Dentro de su caleidoscopio de ficción sobresale su novela-diario
Las Mil Españas, la cual está dividida en tres libros de carácter híbrido
que se mueven en la cada vez más indefinible clasificación de los
géneros; en el texto en cuestión la protagonista y alter ego de Gloria,
Regina Trasoirás, experimenta un periplo complejo y transterrado
cuyo interlocutor es Bernal Díaz del Castillo, conquistador hispano que a
una edad avanzada concibió La Historia Verdadera de la
Conquista de la Nueva España, en la que narra su visión personal de la
caída del Imperio azteca. Este personaje, que emerge y actúa en el
subconsciente de Regina, es una presencia pulsante que se encuentra
latente en el hilo conductor de la obra: “Quizá vine a tu país, pues
querías que un mexicano te escribiera una respuesta”. Bernal Díaz del
Castillo no siempre interactúa en todos los pasajes de la novela,
pero constituye su detonante cuando Regina decide cruzar el Atlántico y
devolverle “el favor” estableciéndose en Madrid como becaria
de arte.

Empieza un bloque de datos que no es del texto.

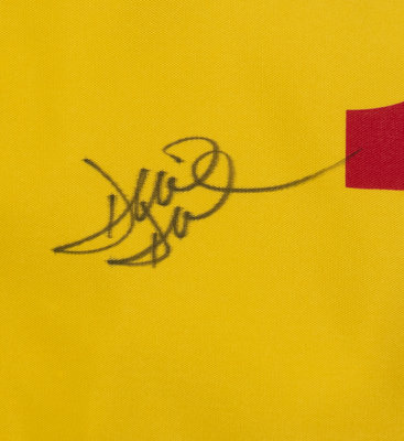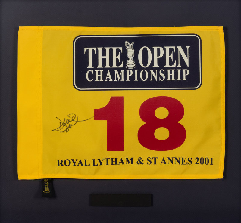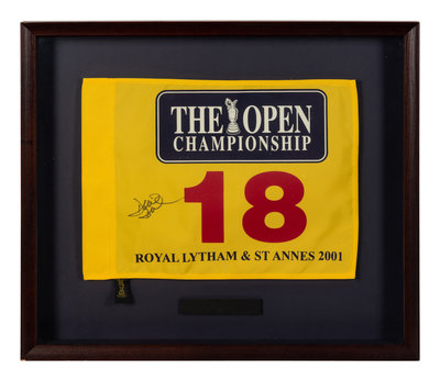 comprising a 2002 Masters flag signed by David Duval, Nick Faldo, Phil Mickelson, Scott Verplank, Lee Janzen, Ernie Els (31 1/4 x 22 inches); a framed 2004 Masters Phil Mickelson presentation (23 1/4 x 29 1/2 inches); a David Duval signed framed British Open flag (26 1/2 x 23 1/2 inches). Framed.

En esta urbe cosmopolita concibe su diario íntimo, en el que
plasma inquietudes que emergen de su filiación con dos metrópolis
disímbolas, la Ciudad de México y la de Madrid, mismas que se
mimetizan en una sola como sucede en el poema “La Ciudad” del poeta
alejandrino Constantino Cavafis: Dices:/ “Iré a otro país, veré otras
playas;/ buscaré una ciudad mejor que ésta (…) No encontrarás
otro país ni otras playas,/ llevarás por doquier y a cuestas tu ciudad; /
caminarás las mismas calles,/ envejecerás en los mismos
suburbios,/ encanecerás en las mismas casas./ Siempre llegarás a esta
ciudad:/ no esperes otra,/ no hay barco ni camino para ti./ Al
arruinar tu vida en esta parte de la tierra,/ la has destrozado en todo el
universo.// ¿Pero quién no ha destruido y hecho girones su vida
en un mundo sin incentivos, homogéneo y globalizado que se encuentra
dominado por los Varones del dinero y de la Usura?: “Cuánto
durará la sinrazón de que pocos tengan mucho y muchos tengan nada?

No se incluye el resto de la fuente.